Site Reliability Engineer
3B Staffing LLC
Job Description:
Qualifications:
This position is 60 % SRE and 40% SDE. Also open for candidates to join MTH along with ATL GO team. Must agree to work onsite at either of these two locations based on the team's hybrid schedule. Required Skillset
• Manage and optimize data streaming and API components in OpenShift Onpremise and AWS.
• Proactively review the application's APIs and processes to identify opportunities to optimize the response times for various application components.
• Automate various types of testing including data quality checks, automate delivery to system integration, production and automate deployment for production
• Develop integrations between the application in Onpremise and AWS and our third-party tools (ServiceNow, VersionOne, Sumo)
• Work with teams to create SLI/SLO's .
• Actively monitor and lead troubleshooting of degraded performance and hard to define issues for the platform applications, develop the solution and document artifacts in the back log from root cause analysis.

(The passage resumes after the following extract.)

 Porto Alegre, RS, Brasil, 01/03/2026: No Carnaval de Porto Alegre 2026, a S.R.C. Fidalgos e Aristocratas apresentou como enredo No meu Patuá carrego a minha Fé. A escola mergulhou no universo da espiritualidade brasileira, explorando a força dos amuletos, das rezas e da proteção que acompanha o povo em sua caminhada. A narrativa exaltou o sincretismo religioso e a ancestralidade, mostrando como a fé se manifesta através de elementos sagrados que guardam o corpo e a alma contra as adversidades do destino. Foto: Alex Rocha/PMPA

• Evolve the cloud infrastructure ecosystem for our application suite by experimenting with emerging technologies and completing prototypes to understand benefit
• Design and develop CI/CD pipeline in AWS and Openshift to deploy various application artifacts, including APIs and Data Process Jobs.
• Analyze, design and develop the artifacts to configure the monitoring and alerting metrics so the support engineers can proactively and timely validate, troubleshoot and resolve the issues.

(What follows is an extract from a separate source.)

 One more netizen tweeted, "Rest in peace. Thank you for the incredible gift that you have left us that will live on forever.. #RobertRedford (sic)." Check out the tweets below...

• Maintain data integrity and access control by using AWS security tools and services such as HSM, IAM, etc.
• Understand and develop tools to monitor AWS billing for the services, generate cost related reports and help develop and implement cost optimization strategies.

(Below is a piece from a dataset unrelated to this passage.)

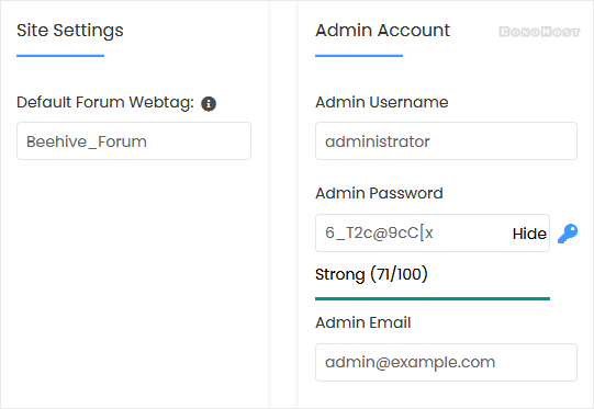 Note: Copy the admin username and password to Notepad. You will need those to access the admin area of your Beehive forum later.

• Work with enterprise security architects to design and implement data security tools, measures, data encryption, key management; design and develop solutions to address the security vulnerabilities discovered by internal security audit team, as well as by the vendors, security community, etc.; design and develop solutions for support team to regularly scan and review to fix security issues
• Regularly and proactively monitor and analyze the capacity and performance of the platform, work with architecture team to design and implement elastic infrastructure to accommodate the irregular burst of user traffic/requests.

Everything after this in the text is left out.